Recently, I read an account of Albert Einstein. Dr. Einstein was teaching physics at Princeton University and had administered a test to his graduate students. As he was walking across campus, his graduate assistant asked, “Dr. Einstein, isn’t this the same test you gave last year?” “Yes,” replied Einstein. The graduate assistant couldn’t believe it. “Dr. Einstein, how could you give the same test two years in a row?” Albert Einstein replied, “Since last year, the answers have changed.” (Originally from Thinking Big, Brian Tracy)
The troubling question that comes to my mind is then this: If the answers change, how do we know which way is right? How do we discern truth?
“The best way to find truth is to go to the origin of all truth and simply ask.” Richard G. Scott
Source: “Reflections of the Psalms”(1964)
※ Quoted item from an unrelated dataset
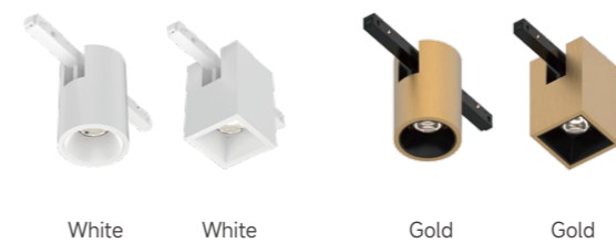
White White Gold Gold

This week I found myself surrounded with distractions. There were several things calling my attention, demanding to be taken care of. I found myself floundering trying to discern which way I should go. Where should I focus my attention? What should be done first? What should be done at all? It became so overwhelming that mid-week I found myself exhausted, overwhelmed and irritable.
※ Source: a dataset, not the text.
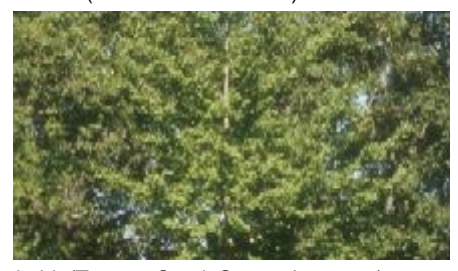
habit (Tamara Crupi, September 1996)

Several times this week I found myself waiting. I felt so busy, had many things to do, but I found myself waiting for others. Stuck. Sitting. Alone.
I made special arrangements to help someone. It took some time and planning on my part, as I had to get a sitter and rearrange other important things in my schedule to do so. As I went to help, I found myself waiting. Sitting. She didn’t come. It wasn’t important. When she finally came, very late, she said, “I didn’t ask you to do this.” I found myself frustrated and angry, as in my mind, it was truly a favor; a gift. I believed the effort was something good and helpful, but to her it wasn’t.
During that time alone, I found myself becoming more impatient, frustrated, and even angry. I tried to gather my thoughts, but there were too many distractions to do so effectively. The phone. The emails. Work. Laundry. Lists of to-dos.
Why is it so difficult to discern truth? How come it becomes so hard to push out all the things of the world and hear the voice of the Spirit?
In James 1:5, we read: “If any of you lack wisdom, let him ask of God, that giveth to all men liberally, and upbraideth not; and it shall be given him.”
As I watched this video, I related so much to the distractions in the beginning. In my own life, there is a lot of noise that distracts me from those things of true worth. These noises aren’t necessarily inherently bad or sinful things, but they do leave me feeling anxious and unsettled. I often feel that I have not done enough, that I am not making a difference, and I am simply treading water.
These are the times when I need the peace the most.
As I think about turning to God and turning off the noise in my life, I understand that is where truth lies. That is when the answers will come.
I just have to remind myself daily to shut off the noise. I hope you all have a wonderful week!!